That's the one . . . but darn it . . . I still like this for some odd reason.


----------



## Pallet Pete (Dec 6, 2011)

I am not sure why but that picture makes me think of an old man in a straw hat striking oil lol


----------



## weatherguy (Dec 6, 2011)

I like the cover you have on pallet island, what size is the canopy and where did you get it? You could leave the area open all spring and summer and just put the cover on in late fall and get a little more seasoning.


----------



## Pallet Pete (Dec 9, 2011)

Here are more pics for Ya. it is kinda hard to see the inside because it is full sorry for that. There are hurricane straps on the inside of the rack to hold down the roof, the sides have cross braces to keep it from moving in the wind. The shelter is steady as a rock and won't budge in high winds when empty. the light spots in the side shot are sun light bouncing off. Thanks for all the compliments guys !  I hope this helps you guys with your sheds, and just think it could be a redneck gazebo in the summer  :lol:


----------



## Stevebass4 (Dec 9, 2011)

great looking shed!!


----------



## weatherguy (Dec 9, 2011)

Nice job, thanks for the pics, Im hoping to attempt mine this weekend if my brother has the time to help me out.


----------



## raybonz (Dec 9, 2011)

That's the best $100.00 shed I have ever seen! Now you've a new stove coming life is good!


Ray


----------



## Pallet Pete (Dec 9, 2011)

Thanks Guys she's a cadillac of blood sweat and well no tears lol. 
Weatherguy I would Love to see yours when your done ! 

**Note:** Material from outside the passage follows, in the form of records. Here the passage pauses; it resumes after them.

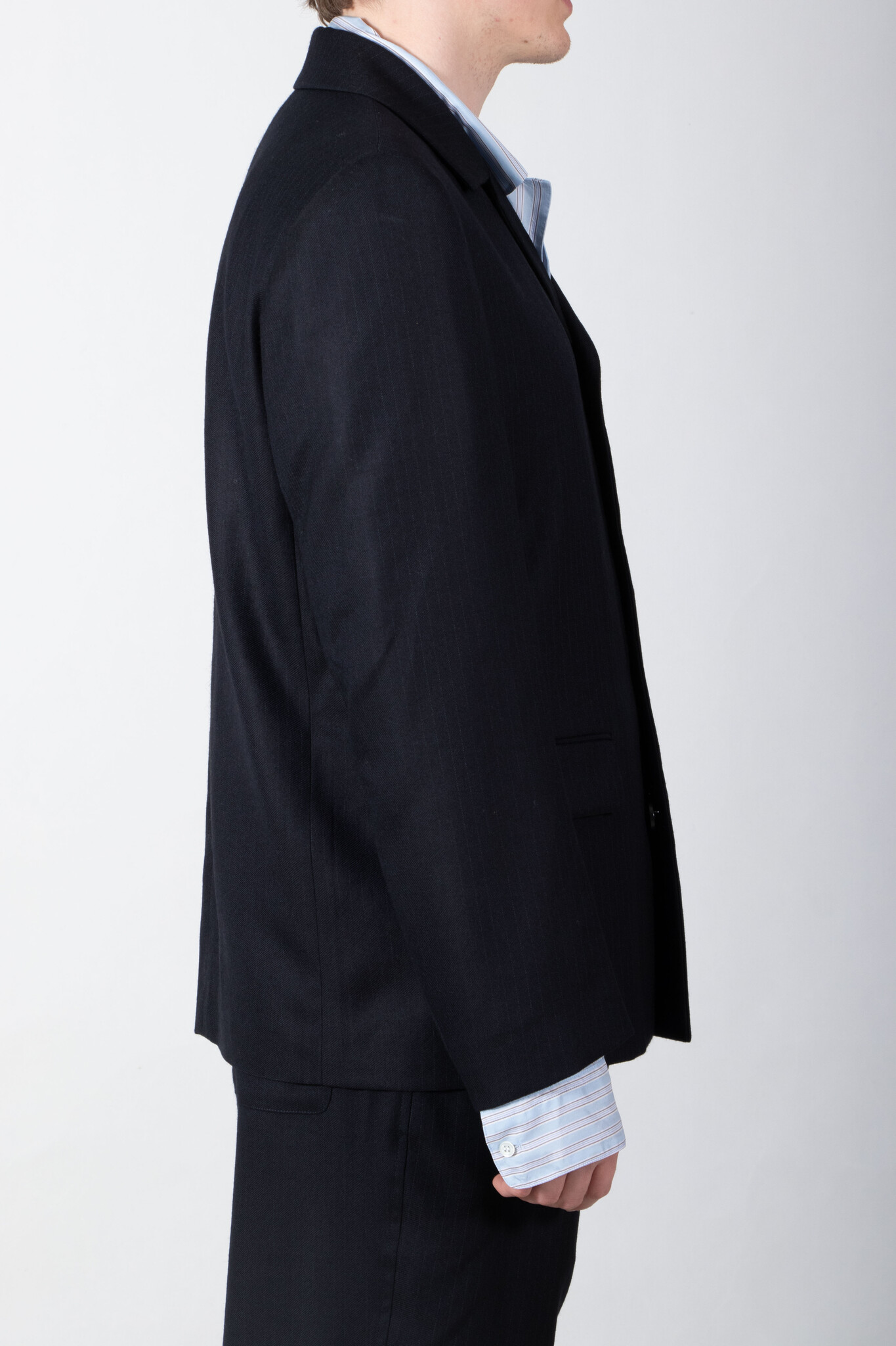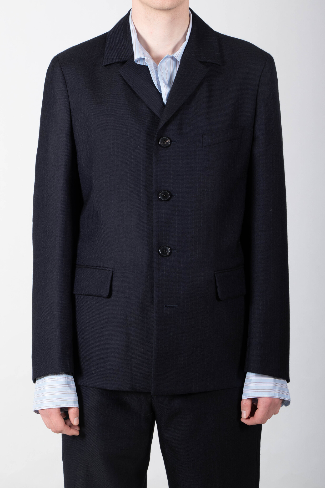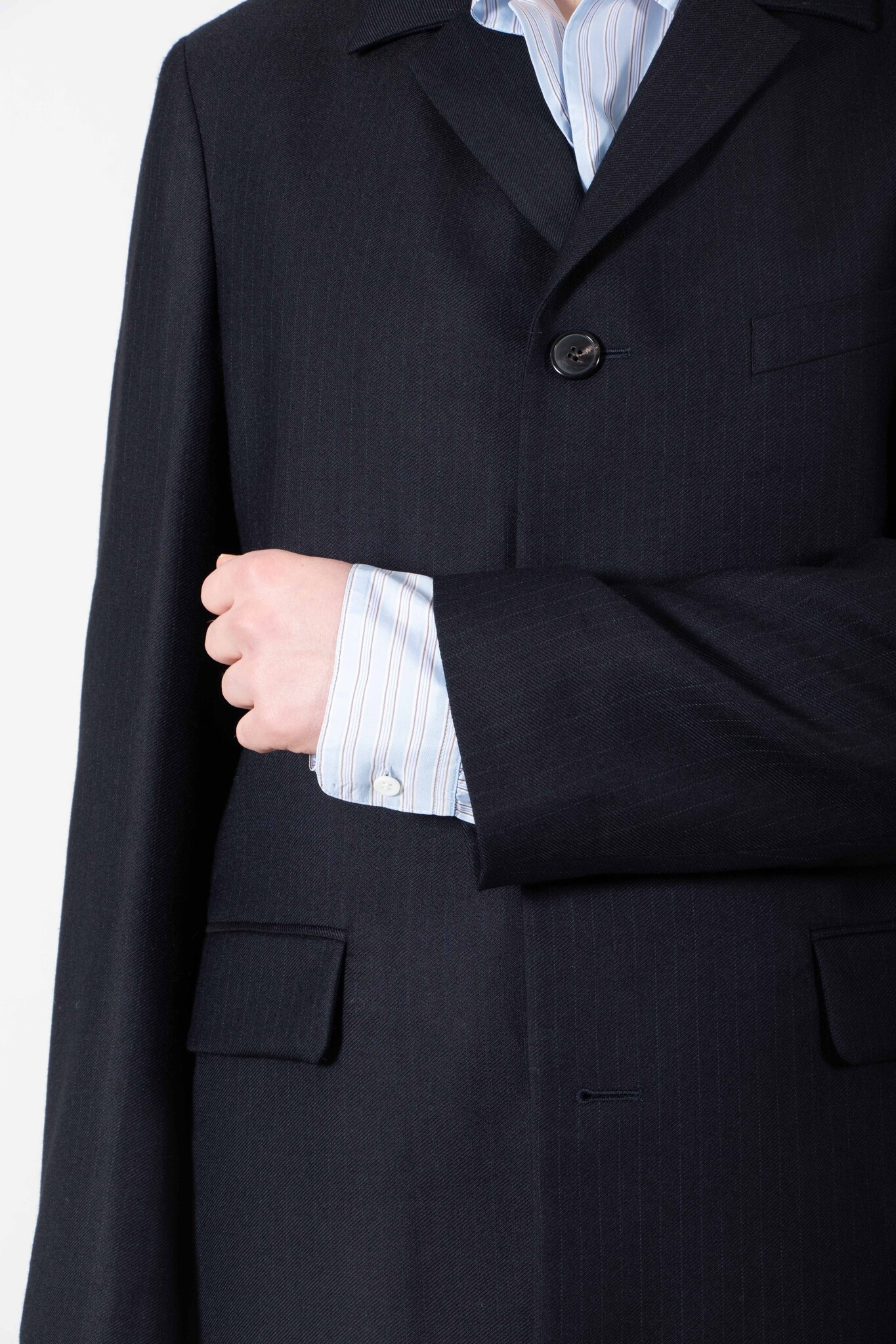 Dries van Noten blazer, made from a wool pinstripe fabric by the Scottish manufacturer Lovat Mill from Hawick. Our model is 189 cm tall and wears a size M. Read more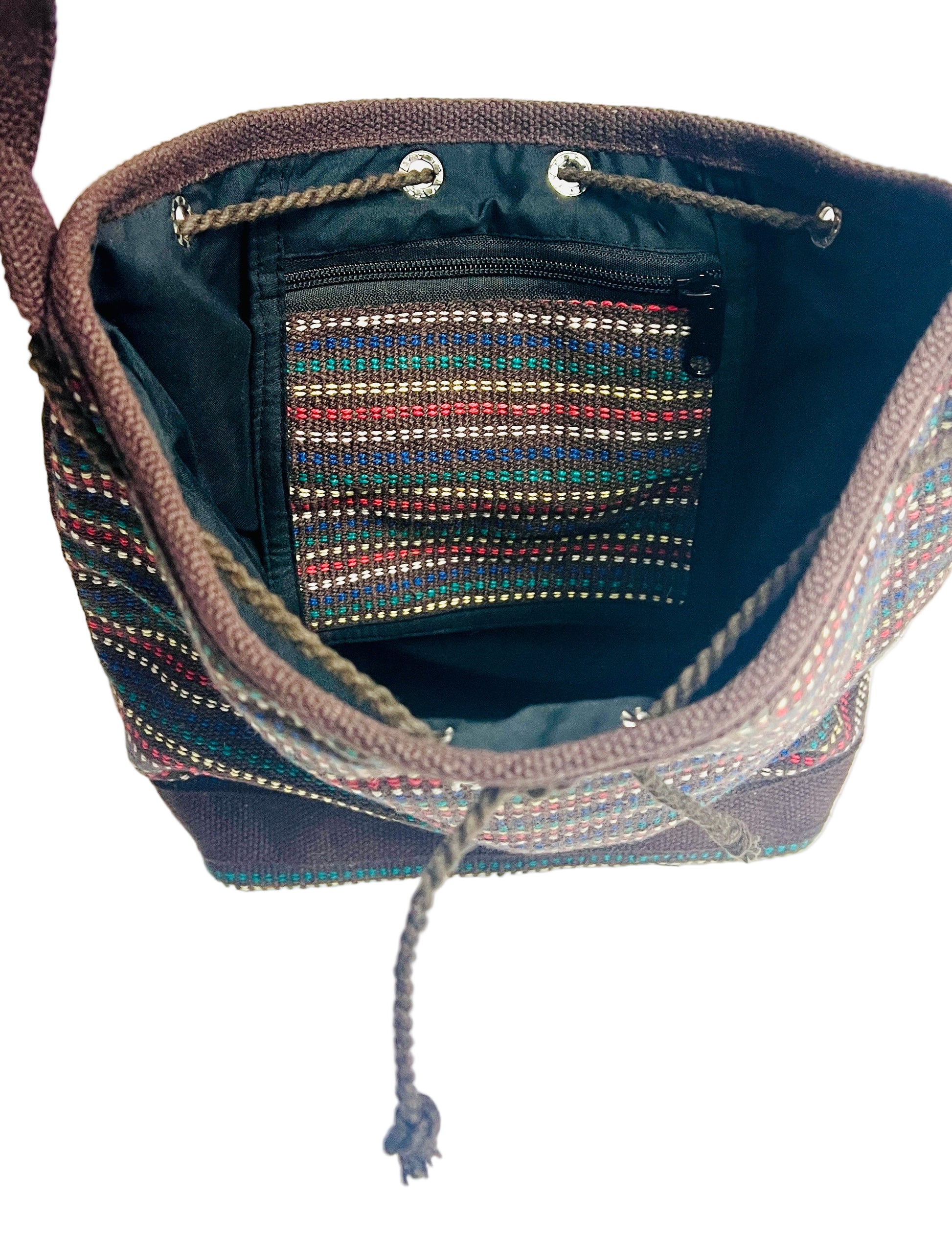 This is a casual, bohemian -Style shoulder bag with an adjustable strap. Bag features vertical bucket -like shape with flat base. Made with cotton thread fabric comes in multicolours. Opening has a drawstring closure thread. Relaxed look and artisan-inspired, suitable for everyday use or casual outings. 5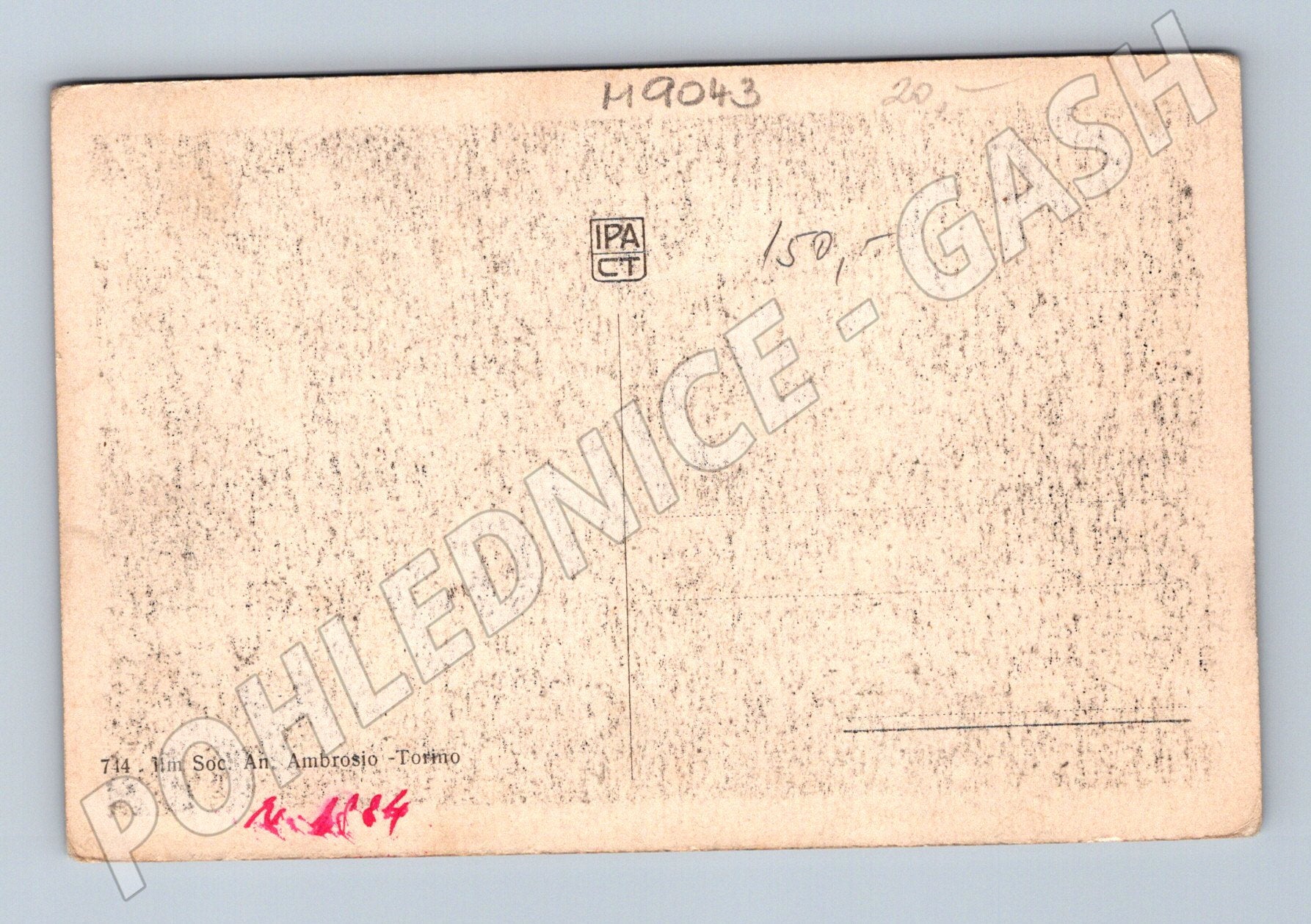 Starší pohlednice z Itálie s názvem „ROMANTICISMO – Come mangeresti volentieri una costoletta di porco!“. Pohlednice zachycuje scénu ze společnosti, v popředí stojí několik mužů v dobových uniformách a šatech, okolo nich skupina žen a dalších osob. Zajímavostí je text v italštině, který scéně dodává komický podtext. Na zadní straně najdete standardní prostor pro adresu a text, pohlednice je označena číslem 714 a vydavatelstvím Min Soc. An. Ambrosio – Torino. Pohlednice nese mírné známky stáří a opotřebení, vhodné pro sběratele historických pohlednic nebo milovníky italské historie a kultury.

Thanks Ray for the compliment and I am gonna climb in the stove and get warm while watching tv through the glass haha. No heat sucks man Brrrrrrrrrrrrrrrrrrrr :exclaim:


----------



## Backwoods Savage (Dec 9, 2011)

Well Pete, when you are young and have a good partner.....


----------



## weatherguy (Dec 10, 2011)

Well, I had my brothers help, took us most of the day to move things around and get the base done. I leveled the area, its a slight slope and put down stone, then we layed the pallets down and levelled them. At least now I can do most of the work alone and chip away at it. I needed to do this to make room for the 3 cords of rounds I have to split, Im going to make a pallet rack that should hold 3 cords. Once this is done Ill have storage for 12 cords (3 years) and plenty of room to dump/process more wood.
Ill take pics when its light out to show my progress, if it comes out decent Im might even post them


----------



## wetwood (Dec 11, 2011)

If you built something that nice out of scrap around here  the county tax appraiser would label it a 2 car garage on a concrete foundation then just tell you to try and prove it's not.


----------



## Pallet Pete (Dec 11, 2011)

weatherguy I hope you post them we would all love to see em I am sure. It sounds like it will be sweet from what you have done so far.

Pete


----------